▶ _Exercise_:
Transcribe the whole listing below without changing a word, but leave out every image.

▶ _Data block_:
^^^^^^^^

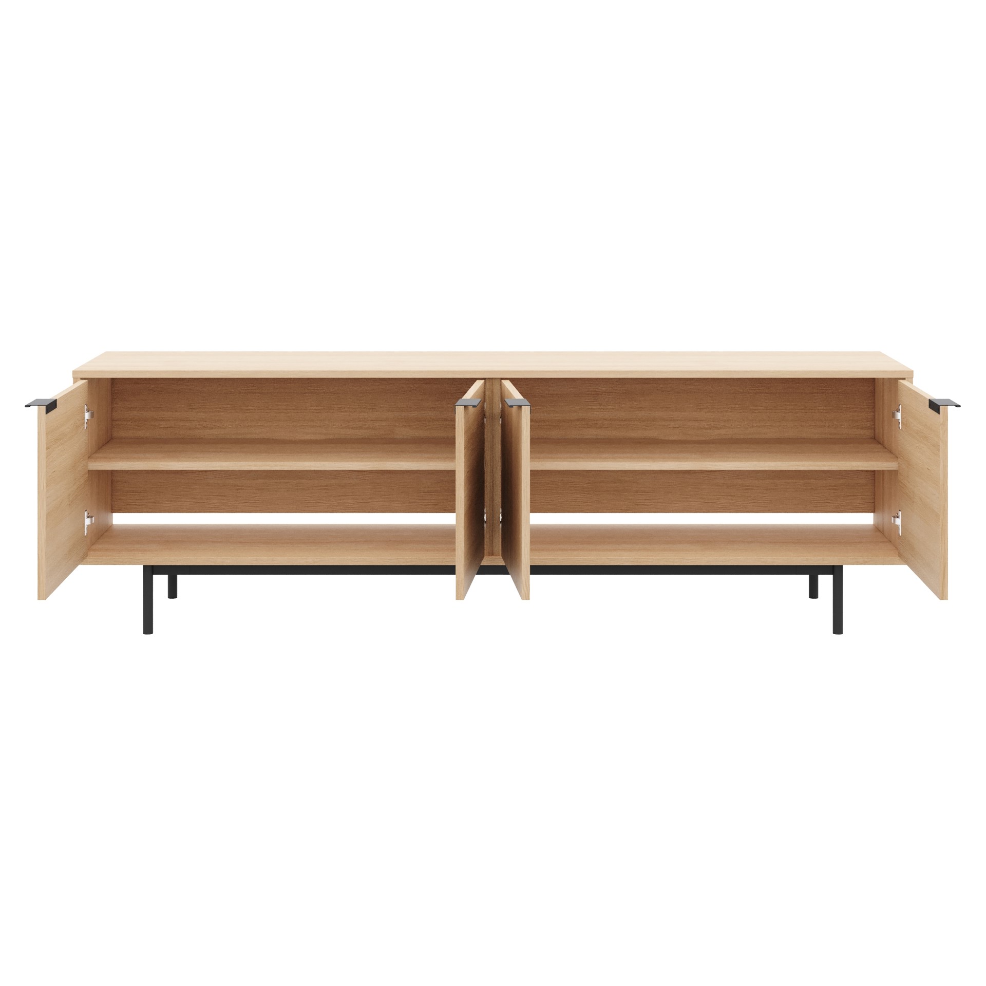 Designed with quiet elegance and refined proportions, this low-profile console features four seamless doors that open to reveal generous hidden storage.
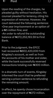 Prior to the judgment, the EFCC had recovered ₦802,420,000 from Kingsley’s account, as well as from the accounts of his mother and sister, while the bank successfully reversed transactions totaling over ₦300 million.
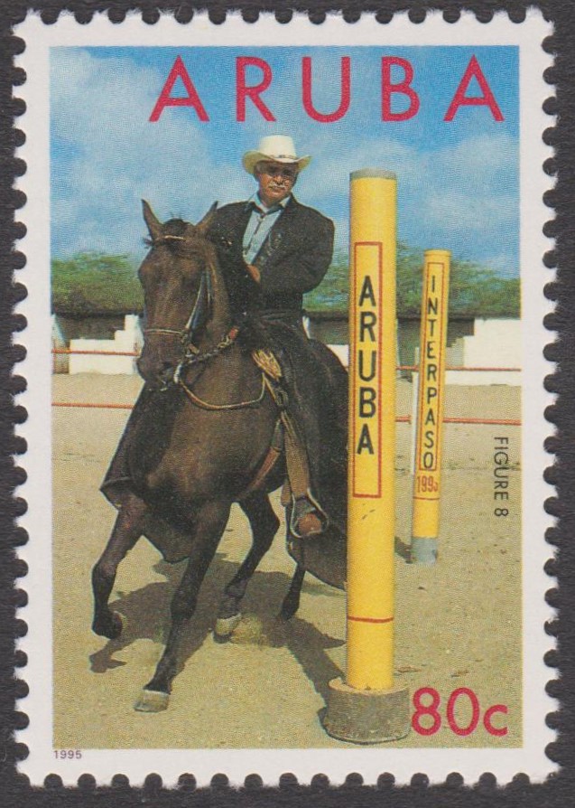 Aruba MiNr. 158 erschien am 26.05.1995 aus Anlaß "10 Jahre Internationale Pferdeschau Interpaso":
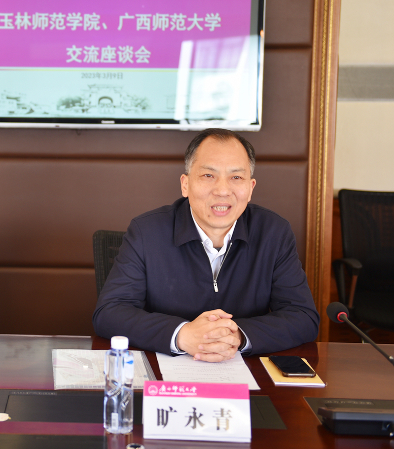 会上,我校党委副书记旷永青对玉林师范学院党委副书记韦广雄一行来校表示热烈欢迎,并就我校整体发展概况作简要介绍。

^^^^^^^^

▶ _Response to the exercise_:
 Designed with quiet elegance and refined proportions, this low-profile console features four seamless doors that open to reveal generous hidden storage.
 Prior to the judgment, the EFCC had recovered ₦802,420,000 from Kingsley’s account, as well as from the accounts of his mother and sister, while the bank successfully reversed transactions totaling over ₦300 million.
 Aruba MiNr. 158 erschien am 26.05.1995 aus Anlaß "10 Jahre Internationale Pferdeschau Interpaso":
 会上,我校党委副书记旷永青对玉林师范学院党委副书记韦广雄一行来校表示热烈欢迎,并就我校整体发展概况作简要介绍。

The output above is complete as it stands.